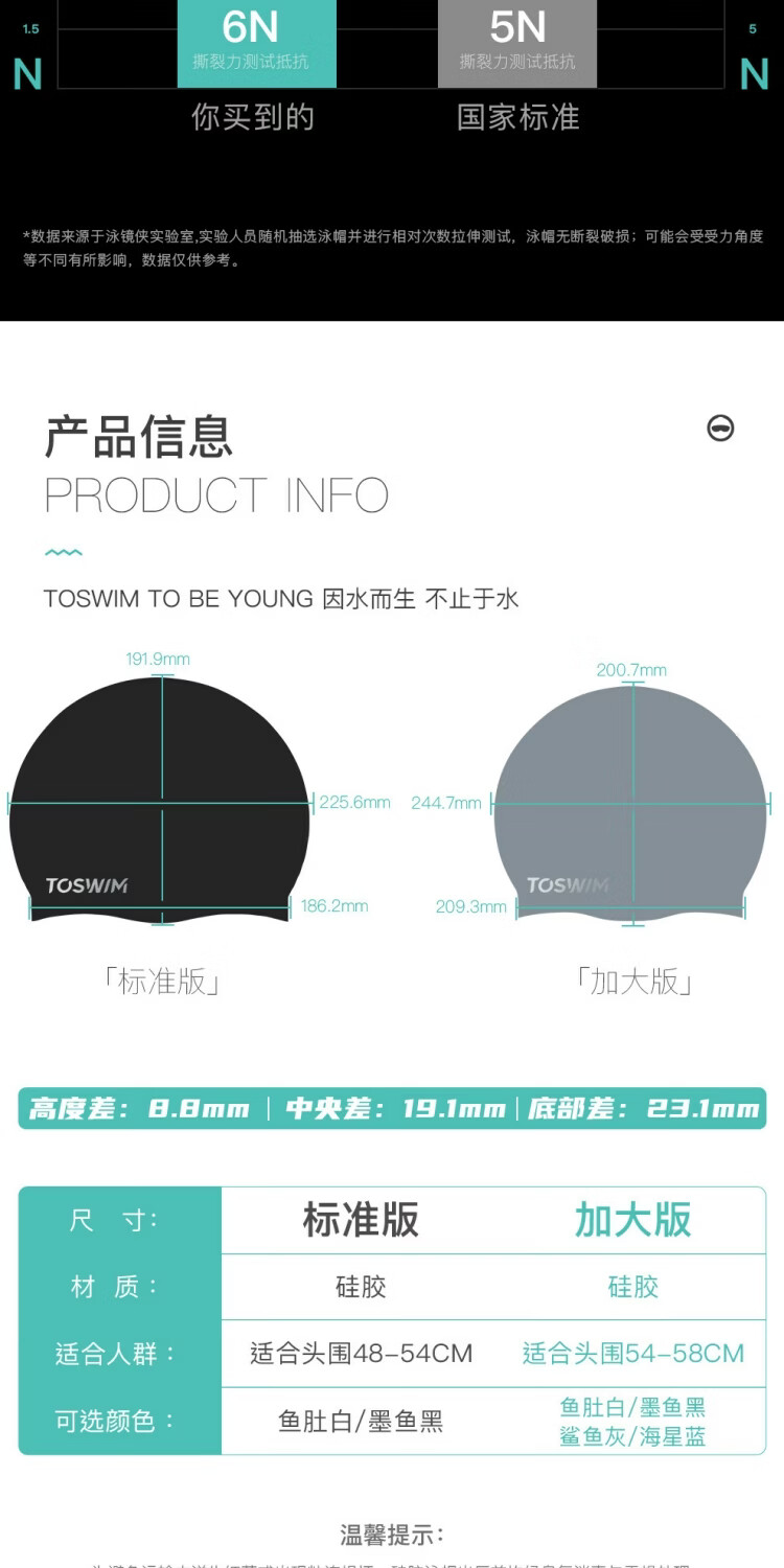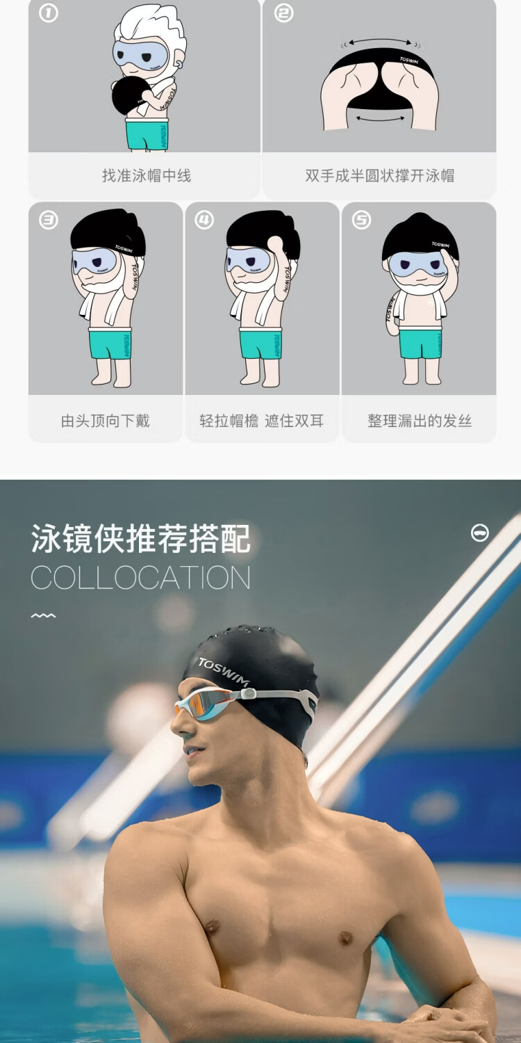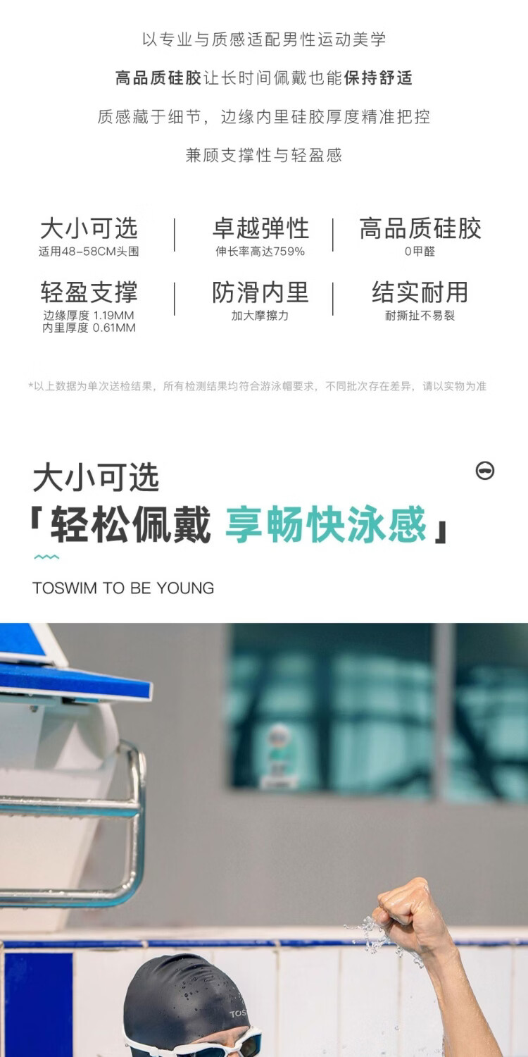 TOSWIM Tuosheng swimming cap for men and women, non-stretching for long hair, increased waterproof, professional large head circumference and ear protection silicone swimming cap, cuttlefish black, enlarged version, suitable for 54-60CM, can protect ears
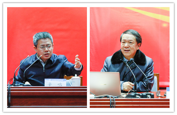 | 辛鸣教授(左)、王向明教授(右)为学生党员做主题报告 |
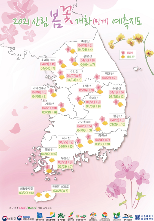 이를 토대로 올해의 산림 봄꽃 만개는 3월 중순 무렵부터 제주도에서 시작되어, 완도를 거쳐 내륙으로 점점 확대될 것으로 보이며, 특히 관측지점의 해발고도가 높은 지리산, 소백산, 속리산에서는 다른 지역보다 봄꽃 만개가 늦을 것으로 예측되었다.
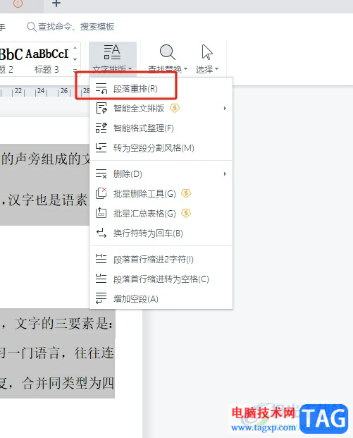 3.这时用户可以看到弹出来的下拉选项卡,用户选择其中的段落重排选项即可解决问题
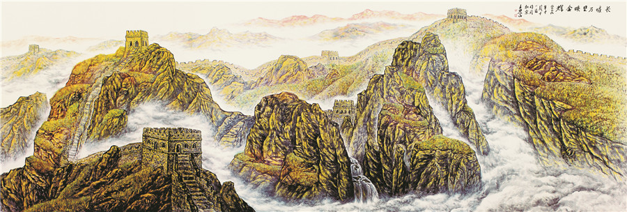 由温润山水转变为枯焦山水,或许更能体现王界山某种内在的精神需求。他的焦墨山水较偏重于从写生而得,景实而墨苍。这或许仍然体现了张仃对他的深刻影响,抑或长期生活于齐鲁、燕赵的自然人文特征对于他艺术的某种再塑。他的这些焦墨大多出于写生,自然对象的丰富鲜活既是他凝固于画面最浓郁的画意,也是他突破传统程式写出自己真感受、真性情的依据。但他也总能从写生中跳出,使画面获得更加丰厚的笔墨意象、更加郁勃的精神个性。在这些焦墨山水画里,界山画的最多的是燕赵长城、黄土高原和他自己家乡青州周边的山山水水。他的这些画作很少涉及那些人们熟知的名山胜水,总是力避浮华与润秀,而从阡陌田垄、原野土坡、沟壑山梁那些原始的乡村山野中寻求素朴的诗意与质朴的美感。他选择的这些山水对象,显然不是秀雅灵巧的典型,而是那些本不入画的粗砺浑厚、生拙苍茫、伟岸敦实的原始风物。这里既体现了他素朴的以民众为本的现实主义美学选择,也体现了他另辟蹊径、独到发现的审美探寻。
__________________________________________________
- [To do]: Beginning with the line containing "3.这时用户可以看到弹出来的下拉选项卡,用户选择其中的段落重排选项即可解决问题" and ending with the last line of the data, output those lines exactly and nothing more. Omit every picture.

- [Exercise output]:
 3.这时用户可以看到弹出来的下拉选项卡,用户选择其中的段落重排选项即可解决问题
 由温润山水转变为枯焦山水,或许更能体现王界山某种内在的精神需求。他的焦墨山水较偏重于从写生而得,景实而墨苍。这或许仍然体现了张仃对他的深刻影响,抑或长期生活于齐鲁、燕赵的自然人文特征对于他艺术的某种再塑。他的这些焦墨大多出于写生,自然对象的丰富鲜活既是他凝固于画面最浓郁的画意,也是他突破传统程式写出自己真感受、真性情的依据。但他也总能从写生中跳出,使画面获得更加丰厚的笔墨意象、更加郁勃的精神个性。在这些焦墨山水画里,界山画的最多的是燕赵长城、黄土高原和他自己家乡青州周边的山山水水。他的这些画作很少涉及那些人们熟知的名山胜水,总是力避浮华与润秀,而从阡陌田垄、原野土坡、沟壑山梁那些原始的乡村山野中寻求素朴的诗意与质朴的美感。他选择的这些山水对象,显然不是秀雅灵巧的典型,而是那些本不入画的粗砺浑厚、生拙苍茫、伟岸敦实的原始风物。这里既体现了他素朴的以民众为本的现实主义美学选择,也体现了他另辟蹊径、独到发现的审美探寻。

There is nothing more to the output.